Task requirements =
Leave every picture out and return the rest of the listing verbatim.

Collected data =
——

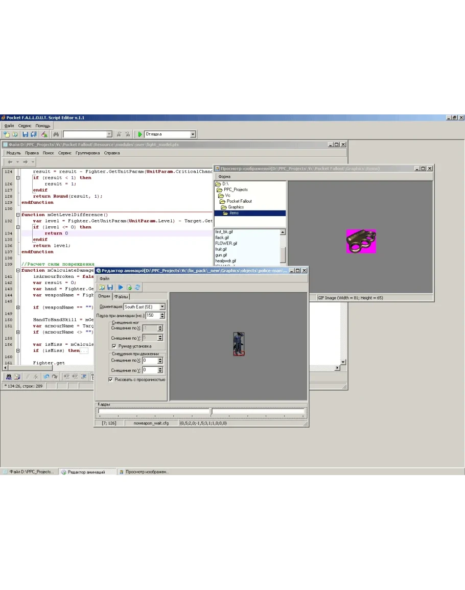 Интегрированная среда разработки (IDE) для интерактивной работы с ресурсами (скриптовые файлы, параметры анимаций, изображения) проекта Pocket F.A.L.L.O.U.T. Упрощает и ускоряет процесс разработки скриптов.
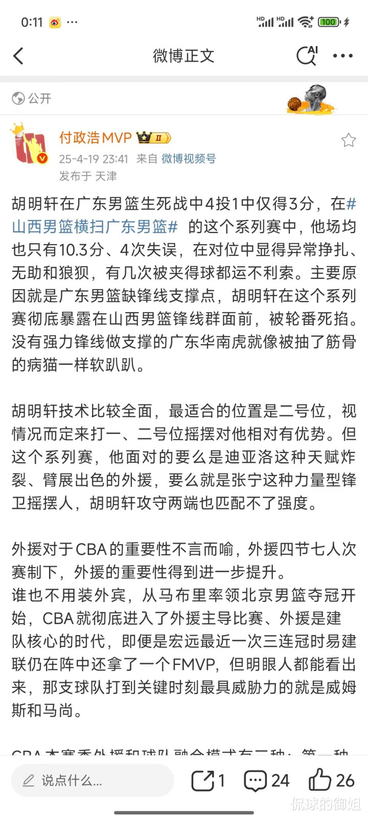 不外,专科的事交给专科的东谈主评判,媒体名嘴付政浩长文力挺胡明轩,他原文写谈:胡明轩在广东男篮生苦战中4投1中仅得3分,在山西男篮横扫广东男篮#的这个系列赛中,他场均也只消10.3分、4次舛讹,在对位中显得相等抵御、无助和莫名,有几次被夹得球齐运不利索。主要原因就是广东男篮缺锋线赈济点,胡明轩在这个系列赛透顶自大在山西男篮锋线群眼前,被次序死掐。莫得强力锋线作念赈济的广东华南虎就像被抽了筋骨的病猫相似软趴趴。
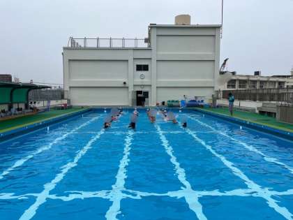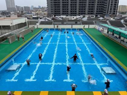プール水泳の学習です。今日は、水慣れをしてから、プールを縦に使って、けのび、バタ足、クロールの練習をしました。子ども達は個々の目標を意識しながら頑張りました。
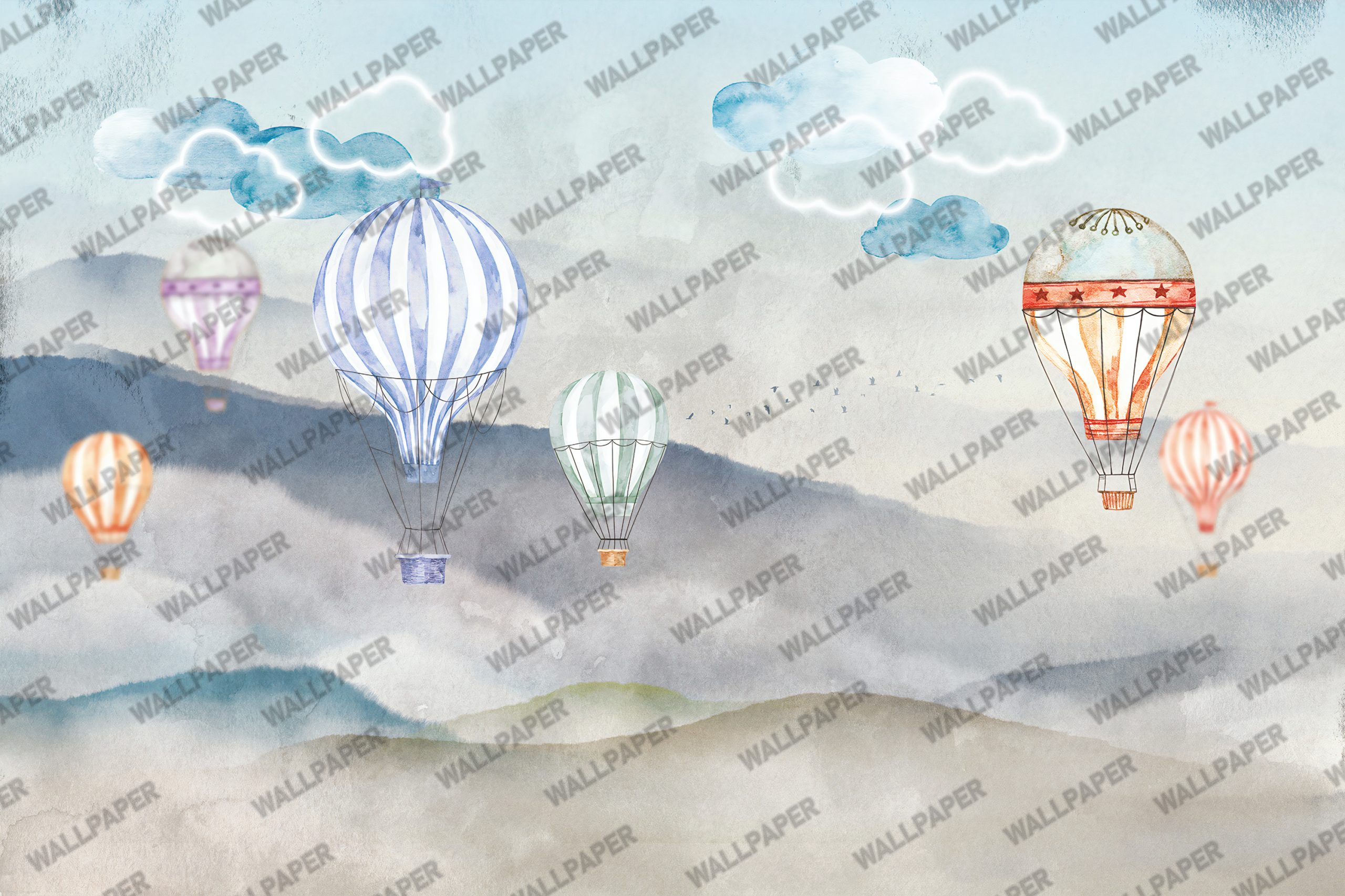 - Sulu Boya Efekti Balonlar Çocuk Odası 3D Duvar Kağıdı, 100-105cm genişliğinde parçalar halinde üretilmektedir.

——

Solution for this task =
 Интегрированная среда разработки (IDE) для интерактивной работы с ресурсами (скриптовые файлы, параметры анимаций, изображения) проекта Pocket F.A.L.L.O.U.T. Упрощает и ускоряет процесс разработки скриптов.
 不外,专科的事交给专科的东谈主评判,媒体名嘴付政浩长文力挺胡明轩,他原文写谈:胡明轩在广东男篮生苦战中4投1中仅得3分,在山西男篮横扫广东男篮#的这个系列赛中,他场均也只消10.3分、4次舛讹,在对位中显得相等抵御、无助和莫名,有几次被夹得球齐运不利索。主要原因就是广东男篮缺锋线赈济点,胡明轩在这个系列赛透顶自大在山西男篮锋线群眼前,被次序死掐。莫得强力锋线作念赈济的广东华南虎就像被抽了筋骨的病猫相似软趴趴。
プール水泳の学習です。今日は、水慣れをしてから、プールを縦に使って、けのび、バタ足、クロールの練習をしました。子ども達は個々の目標を意識しながら頑張りました。
 - Sulu Boya Efekti Balonlar Çocuk Odası 3D Duvar Kağıdı, 100-105cm genişliğinde parçalar halinde üretilmektedir.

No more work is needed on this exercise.